▸ **Instructions to follow**
Starting at the line that contains "Custom Grey and" in the listing below, write out every line word for word until you have written the line that contains "他の人に聞いたら、お風呂は前".

▸ **Material provided**
● ● ● ● ●
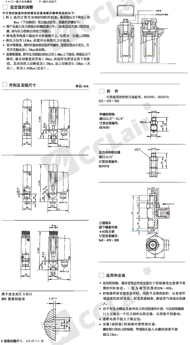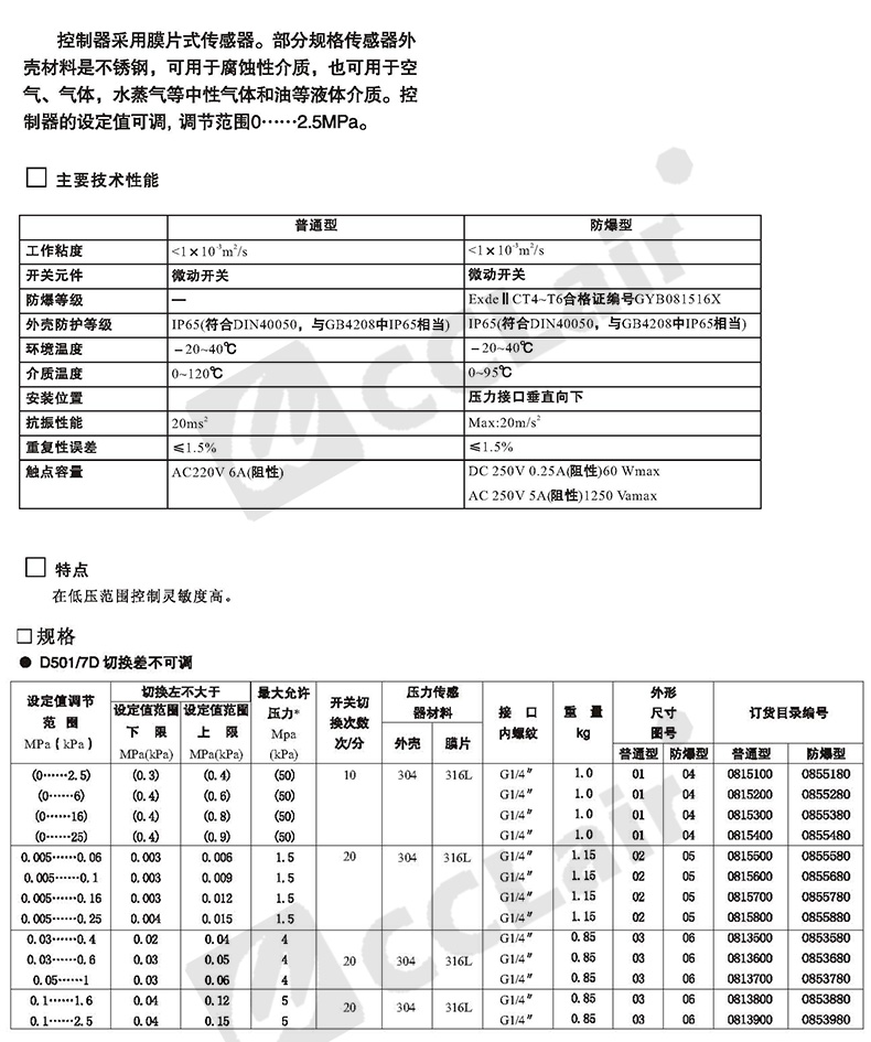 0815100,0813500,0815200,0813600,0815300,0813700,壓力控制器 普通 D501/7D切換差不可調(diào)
● ● ● ● ●
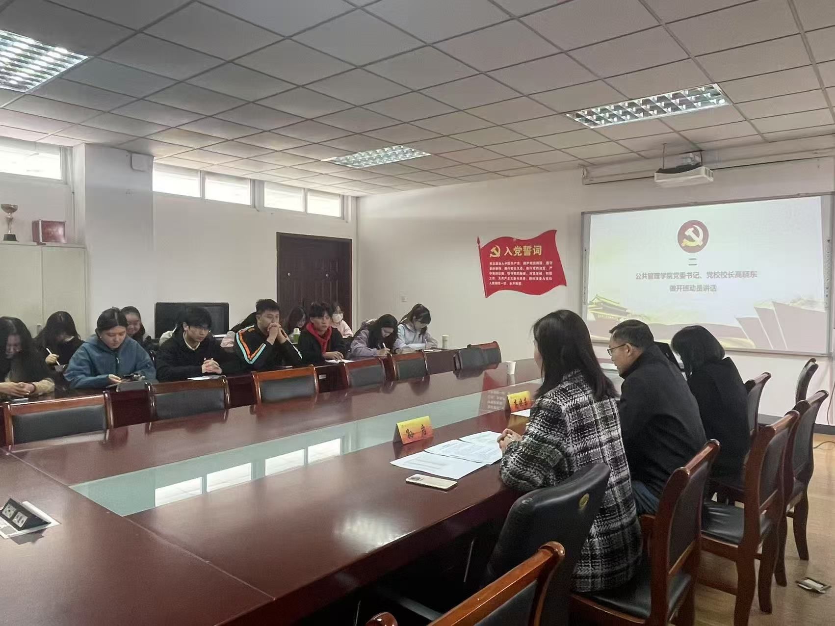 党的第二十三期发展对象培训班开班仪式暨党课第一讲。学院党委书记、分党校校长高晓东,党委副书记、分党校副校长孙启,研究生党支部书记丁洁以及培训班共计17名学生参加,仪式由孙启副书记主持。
● ● ● ● ●
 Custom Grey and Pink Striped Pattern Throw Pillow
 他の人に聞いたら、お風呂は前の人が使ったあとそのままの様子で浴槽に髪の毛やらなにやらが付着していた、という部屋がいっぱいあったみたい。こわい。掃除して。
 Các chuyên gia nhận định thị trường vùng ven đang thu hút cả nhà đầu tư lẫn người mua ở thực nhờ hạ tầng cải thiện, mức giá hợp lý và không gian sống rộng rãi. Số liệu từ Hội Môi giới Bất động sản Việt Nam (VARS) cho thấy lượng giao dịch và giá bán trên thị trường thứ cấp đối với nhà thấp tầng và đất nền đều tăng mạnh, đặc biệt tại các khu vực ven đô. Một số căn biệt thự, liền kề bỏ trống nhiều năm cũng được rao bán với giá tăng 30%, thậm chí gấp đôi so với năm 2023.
● ● ● ● ●
▸ **Response to this task**
 Custom Grey and Pink Striped Pattern Throw Pillow
 他の人に聞いたら、お風呂は前の人が使ったあとそのままの様子で浴槽に髪の毛やらなにやらが付着していた、という部屋がいっぱいあったみたい。こわい。掃除して。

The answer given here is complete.